PyPI version License: MIT

Features

  • PubMed Retriever & Tool - Search 4.5M+ peer-reviewed biomedical articles
  • ArXiv Retriever & Tool - Search 2.7M+ preprints in physics, math, CS, and ML
  • Combined Retriever - Search both sources simultaneously
  • RAG-ready - Documents include full metadata for citations
  • Agent-compatible - Tools work with LangChain agents out of the box

What Data is Included

PubMed Documents

  • page_content: Title + abstract (default) OR full article text (with include_full_text=True)
  • metadata:
    • pmid - PubMed ID
    • title - Article title
    • journal - Journal name
    • pub_year - Publication year
    • doi - DOI identifier
    • url - Link to PubMed
    • has_full_text - Boolean indicating if full text was fetched
    • full_text_length - Character count when available

🔥 FULL TEXT AVAILABLE! Unlike most research APIs, Built-Simple provides complete article text:

# Get full articles (15K-70K chars each!)
retriever = BuiltSimplePubMedRetriever(limit=5, include_full_text=True)
docs = retriever.invoke("cancer immunotherapy")

for doc in docs:
    print(f"Full text: {len(doc.page_content)} chars")  # ~15,000-70,000!

ArXiv Documents

  • page_content: Title + authors + abstract
  • metadata:
    • arxiv_id - ArXiv ID (e.g., "2301.12345")
    • title - Paper title
    • authors - Author list
    • year - Publication year
    • url - ArXiv page link
    • pdf_url - Direct PDF link

⚠️ Abstracts only - Full PDFs are not downloaded.

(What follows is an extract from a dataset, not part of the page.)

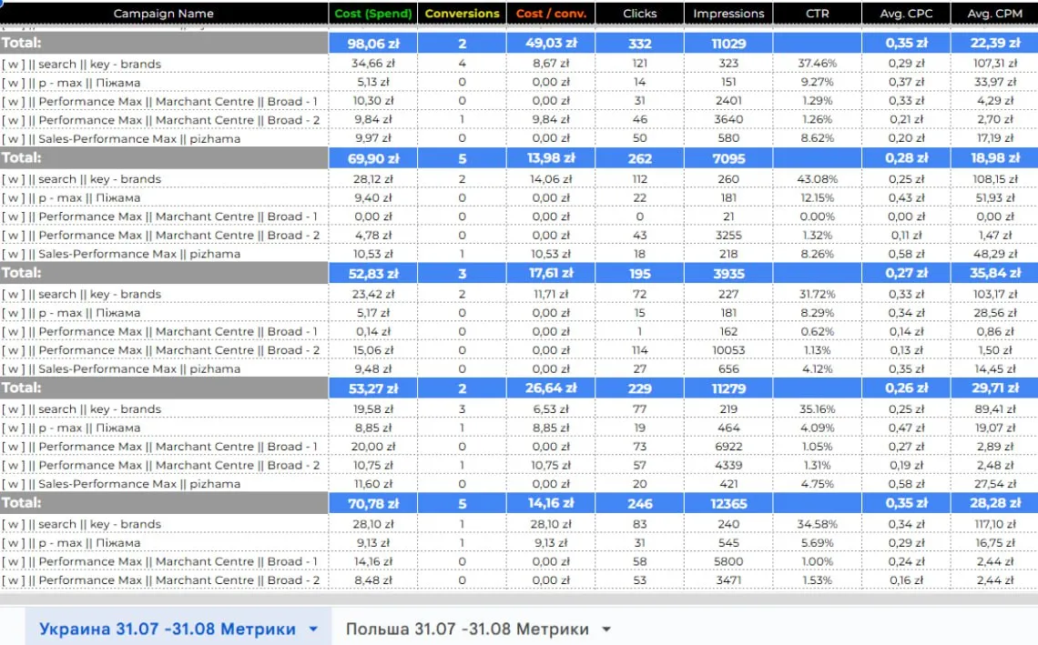 Оптимізація фіду в Google і фокус на маржинальних категоріях — бюджет пішов на товари з кращою рентабельністю.
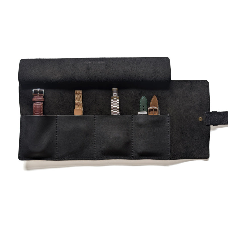 The roll features 4 slots that can be used for your watches, watch straps, or other watch accessories.

Use pdf_url to fetch if needed.

Installation

pip install langchain-builtsimple

For development with examples:

pip install langchain-builtsimple[dev]

Quick Start

Basic Retrieval

from langchain_builtsimple import BuiltSimplePubMedRetriever, BuiltSimpleArxivRetriever

# Search PubMed
pubmed = BuiltSimplePubMedRetriever(limit=5)
docs = pubmed.invoke("CRISPR gene therapy")

for doc in docs:
    print(f"Title: {doc.metadata['title']}")
    print(f"Journal: {doc.metadata['journal']}")
    print(f"URL: {doc.metadata['url']}\n")

# Search ArXiv
arxiv = BuiltSimpleArxivRetriever(limit=5)
docs = arxiv.invoke("transformer neural networks")

for doc in docs:
    print(f"Title: {doc.metadata['title']}")
    print(f"Authors: {doc.metadata['authors']}")
    print(f"ArXiv ID: {doc.metadata['arxiv_id']}\n")

RAG Chain with ChatOpenAI

from langchain_builtsimple import BuiltSimplePubMedRetriever
from langchain_openai import ChatOpenAI
from langchain_core.prompts import ChatPromptTemplate
from langchain_core.output_parsers import StrOutputParser
from langchain_core.runnables import RunnablePassthrough

# Create retriever
retriever = BuiltSimplePubMedRetriever(limit=5)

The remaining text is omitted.